190' --datadir '/var/lib/mysql/' --parent '29986' --mysqld-args --wsrep_start_position=00000000-0000-0000-0000-000000000
000:-1: 3 (No such process)
2021-02-10 19:30:28 0 [ERROR] WSREP: Failed to read uuid:seqno and wsrep_gtid_domain_id from joiner script.
2021-02-10 19:30:28 3 [Note] WSREP: SST received
2021-02-10 19:30:28 3 [Note] WSREP: SST received: 00000000-0000-0000-0000-000000000000:-1
2021-02-10 19:30:28 0 [Note] WSREP: Joiner monitor thread ended with total time 601 sec
2021-02-10 19:30:28 2 [ERROR] WSREP: Application received wrong state:
Received: 00000000-0000-0000-0000-000000000000
Required: ab5dc5b8-5414-11ea-8dc3-c6f77e135d98
2021-02-10 19:30:28 2 [ERROR] WSREP: Application state transfer failed.

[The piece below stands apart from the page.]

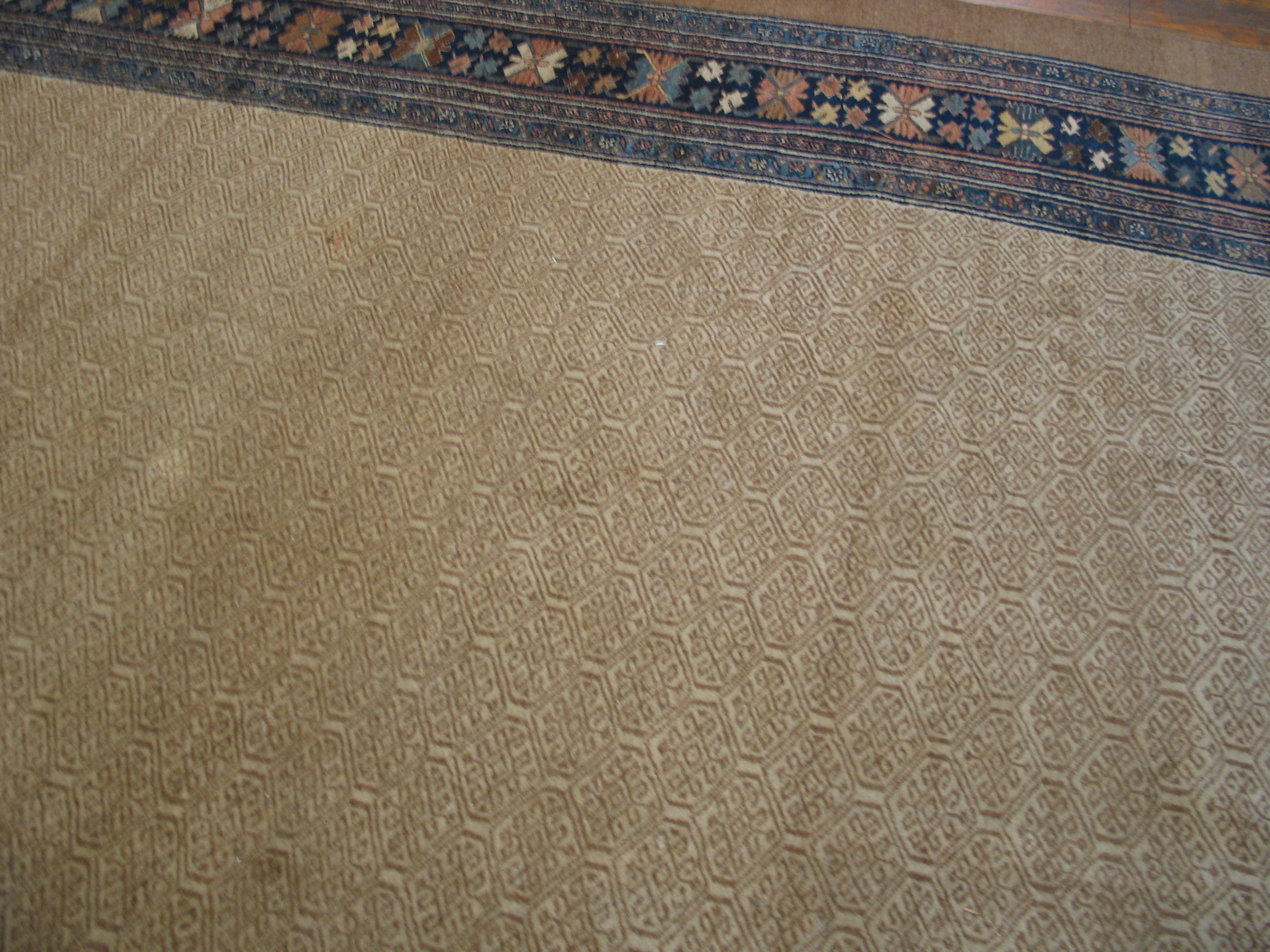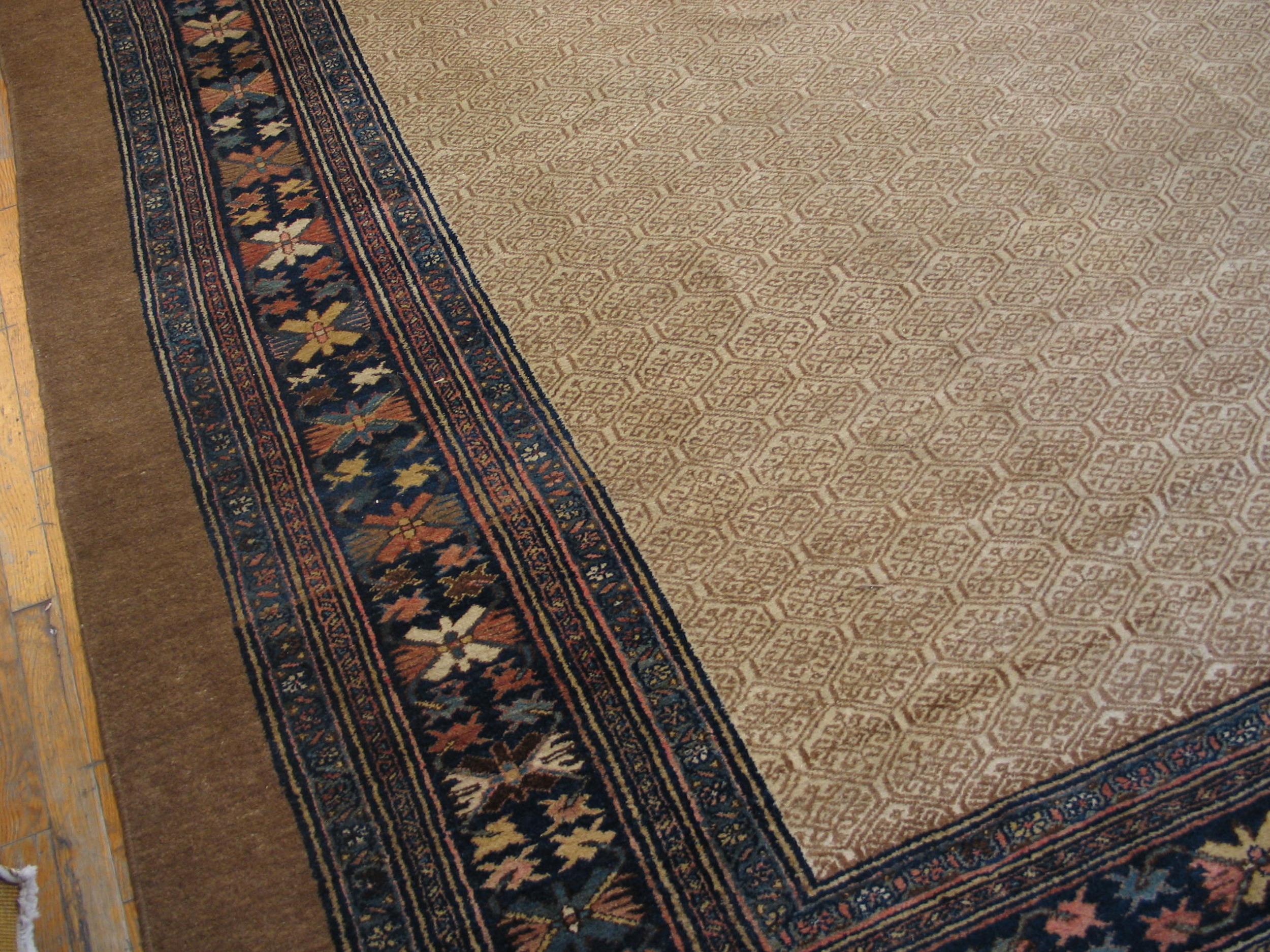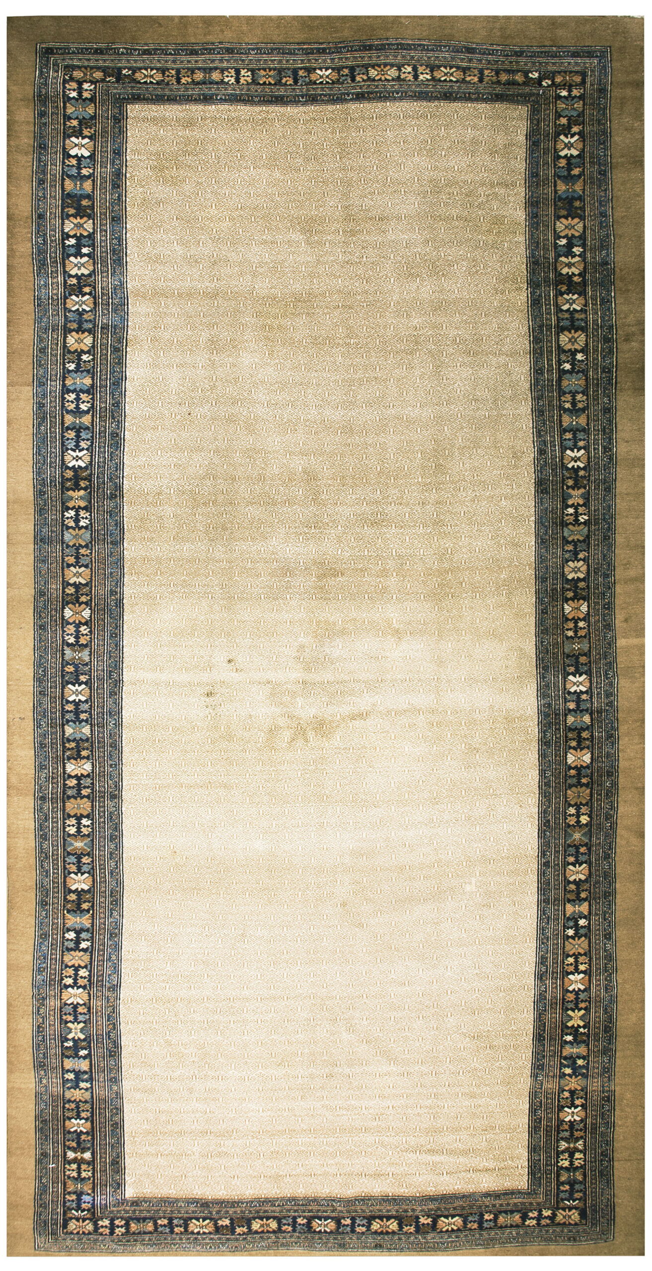 A striking contrast is provided by the deep indigo main border, which frames the light field with stylized floral and geometric medallions in muted earth tones and soft blues. This piece is a testament to the enduring quality of Iranian Persian rugs, offering both historical provenance and timeless design. View our complete collection of antique rugs to appreciate the depth of this craft.

This is unrecoverable condition, restart require
d.
2021-02-10 19:30:28 2 [Note] WSREP: ReplicatorSMM::abort()
2021-02-10 19:30:28 2 [Note] WSREP: Closing send monitor...
2021-02-10 19:30:28 2 [Note] WSREP: Closed send monitor.
2021-02-10 19:30:28 2 [Note] WSREP: gcomm: terminating thread
Donor:
2021-02-10 19:30:36 0 [Note] WSREP: Member 2.0 (galera-6) requested state transfer from '*any*'. Selected 0.0 (galera-5)(SYNCED) as donor.
2021-02-10 19:30:36 0 [Note] WSREP: Shifting SYNCED -> DONOR/DESYNCED (TO: 3780880)
2021-02-10 19:30:36 12 [Note] WSREP: Detected STR version: 1, req_len: 49, req: STRv1
2021-02-10 19:30:36 0 [Note] WSREP: 0.0 (galera-5): State transfer to 2.0 (galera-6) complete.
2021-02-10 19:30:36 0 [Note] WSREP: Shifting DONOR/DESYNCED -> JOINED (TO: 3780880)
2021-02-10 19:30:36 0 [Note] WSREP: Member 0.0 (galera-5) synced with group.
2021-02-10 19:30:36 0 [Note] WSREP: Shifting JOINED -> SYNCED (TO: 3780880)
2021-02-10 19:30:36 2 [Note] WSREP: Server galera-5 synced with group
The configuration across galera-4,galera-5, and galera-6 are identical so I’m not reasonably confident it’s not a configuration issue (although I may be proven wrong). The other nodes had default start timeouts and did not encounter any issues. I have extended the timeout to 1800 seconds and it still fails.
This specific error seems to be uncommon. Where should be looking?